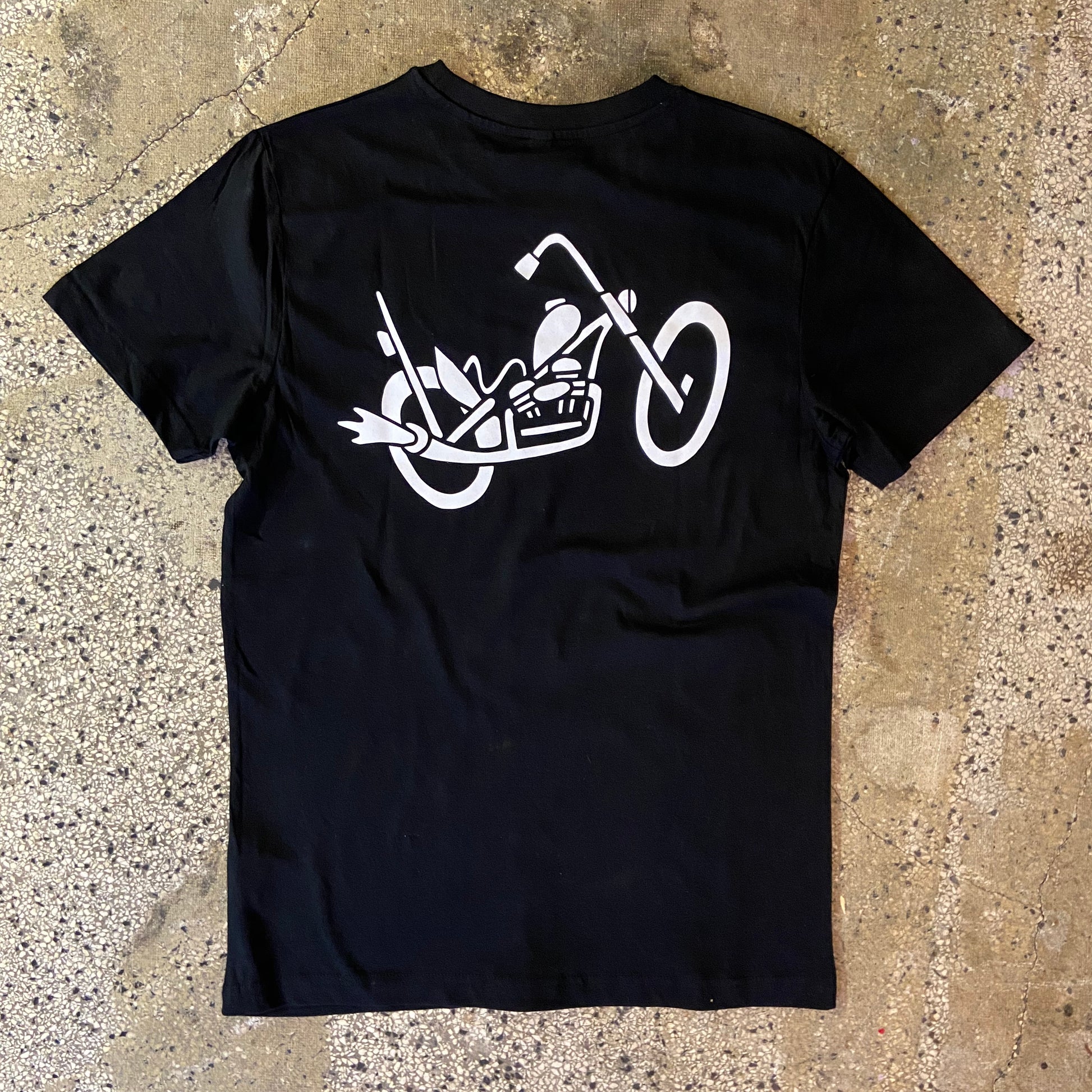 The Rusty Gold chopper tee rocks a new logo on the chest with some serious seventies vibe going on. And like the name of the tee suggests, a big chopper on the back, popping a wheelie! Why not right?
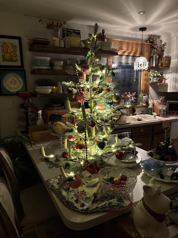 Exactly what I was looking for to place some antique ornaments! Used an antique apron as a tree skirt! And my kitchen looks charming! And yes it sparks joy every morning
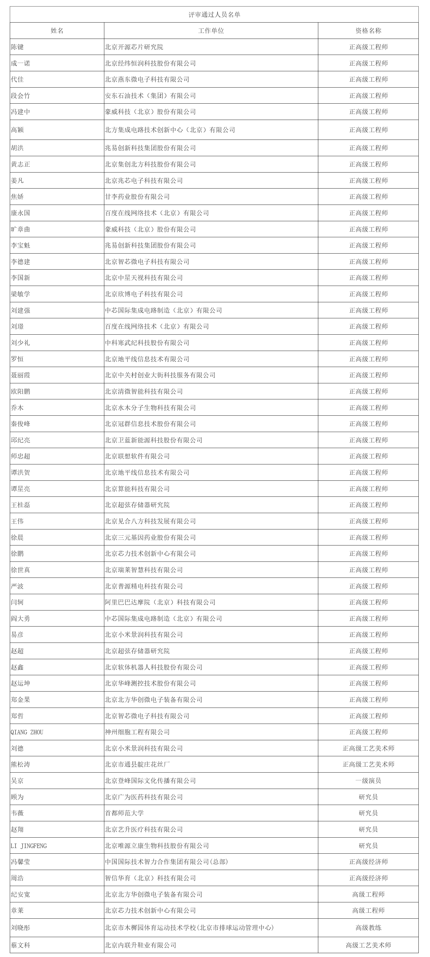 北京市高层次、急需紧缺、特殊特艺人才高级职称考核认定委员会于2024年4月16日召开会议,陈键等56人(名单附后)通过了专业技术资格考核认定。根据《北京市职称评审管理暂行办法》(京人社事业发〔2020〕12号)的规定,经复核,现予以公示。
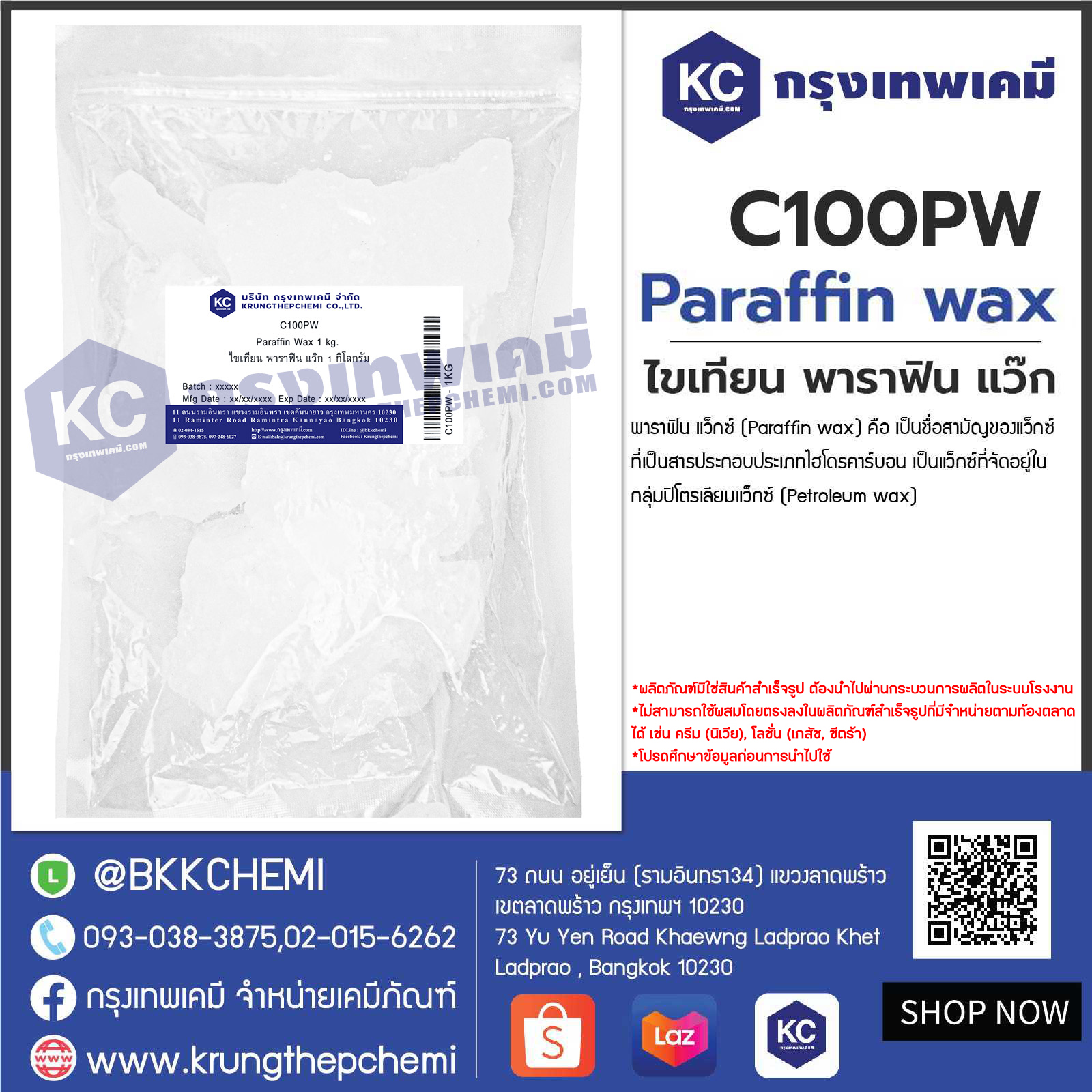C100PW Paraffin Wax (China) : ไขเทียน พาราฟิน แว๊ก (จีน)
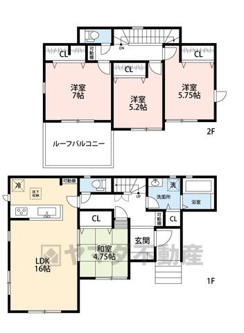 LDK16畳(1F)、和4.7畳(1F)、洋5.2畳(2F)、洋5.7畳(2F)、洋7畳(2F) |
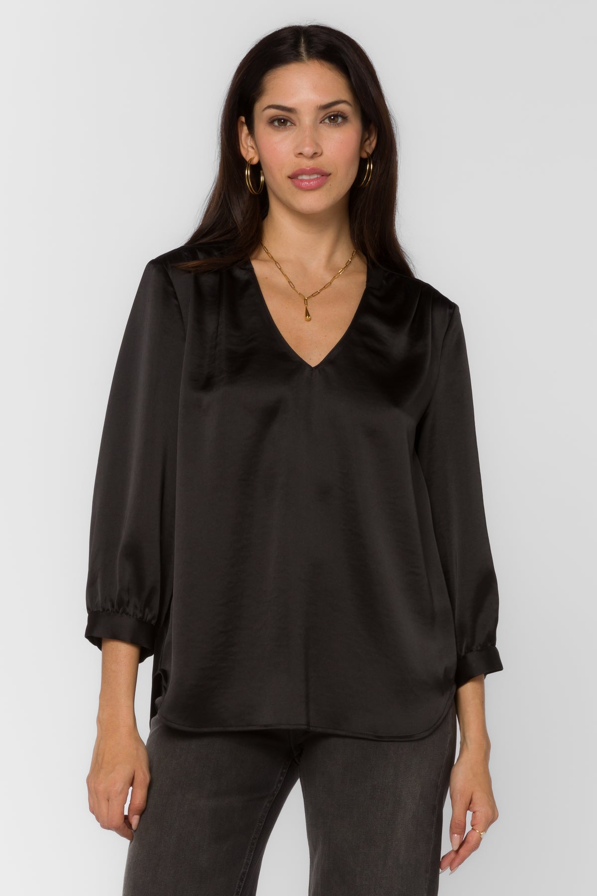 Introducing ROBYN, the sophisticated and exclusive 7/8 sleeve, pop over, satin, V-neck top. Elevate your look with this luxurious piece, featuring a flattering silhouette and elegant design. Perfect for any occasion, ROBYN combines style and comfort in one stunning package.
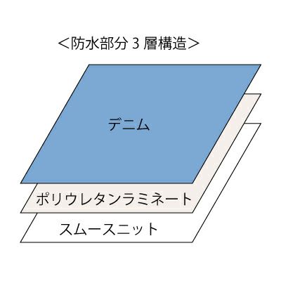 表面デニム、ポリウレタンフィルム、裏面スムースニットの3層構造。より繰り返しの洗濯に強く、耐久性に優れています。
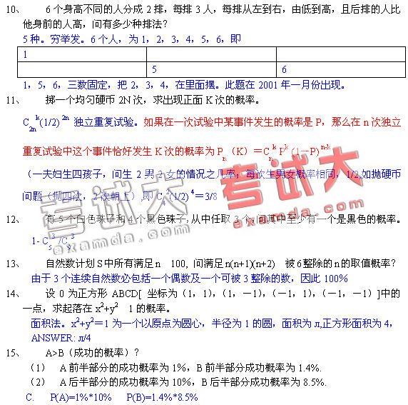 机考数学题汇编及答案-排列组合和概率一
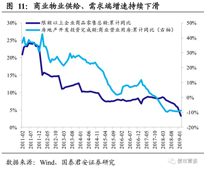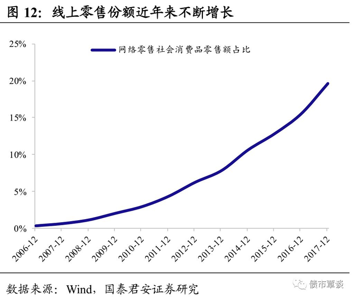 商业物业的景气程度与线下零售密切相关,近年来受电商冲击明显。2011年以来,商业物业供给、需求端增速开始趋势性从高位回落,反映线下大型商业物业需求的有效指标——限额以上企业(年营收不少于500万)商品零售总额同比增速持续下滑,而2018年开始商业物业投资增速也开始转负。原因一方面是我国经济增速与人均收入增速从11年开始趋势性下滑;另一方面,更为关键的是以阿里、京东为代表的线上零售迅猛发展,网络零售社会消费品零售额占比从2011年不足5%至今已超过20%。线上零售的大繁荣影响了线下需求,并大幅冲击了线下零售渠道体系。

^^^^^^^^^^^^^^^^

◆ TASK DETAILS
Please restate the entries word for word, with all pictures left out.

◆ WRITTEN ANSWER
 The Rusty Gold chopper tee rocks a new logo on the chest with some serious seventies vibe going on. And like the name of the tee suggests, a big chopper on the back, popping a wheelie! Why not right?
 Exactly what I was looking for to place some antique ornaments! Used an antique apron as a tree skirt! And my kitchen looks charming! And yes it sparks joy every morning
 北京市高层次、急需紧缺、特殊特艺人才高级职称考核认定委员会于2024年4月16日召开会议,陈键等56人(名单附后)通过了专业技术资格考核认定。根据《北京市职称评审管理暂行办法》(京人社事业发〔2020〕12号)的规定,经复核,现予以公示。
C100PW Paraffin Wax (China) : ไขเทียน พาราฟิน แว๊ก (จีน)
 LDK16畳(1F)、和4.7畳(1F)、洋5.2畳(2F)、洋5.7畳(2F)、洋7畳(2F) |
 Introducing ROBYN, the sophisticated and exclusive 7/8 sleeve, pop over, satin, V-neck top. Elevate your look with this luxurious piece, featuring a flattering silhouette and elegant design. Perfect for any occasion, ROBYN combines style and comfort in one stunning package.
 表面デニム、ポリウレタンフィルム、裏面スムースニットの3層構造。より繰り返しの洗濯に強く、耐久性に優れています。
 机考数学题汇编及答案-排列组合和概率一
 商业物业的景气程度与线下零售密切相关,近年来受电商冲击明显。2011年以来,商业物业供给、需求端增速开始趋势性从高位回落,反映线下大型商业物业需求的有效指标——限额以上企业(年营收不少于500万)商品零售总额同比增速持续下滑,而2018年开始商业物业投资增速也开始转负。原因一方面是我国经济增速与人均收入增速从11年开始趋势性下滑;另一方面,更为关键的是以阿里、京东为代表的线上零售迅猛发展,网络零售社会消费品零售额占比从2011年不足5%至今已超过20%。线上零售的大繁荣影响了线下需求,并大幅冲击了线下零售渠道体系。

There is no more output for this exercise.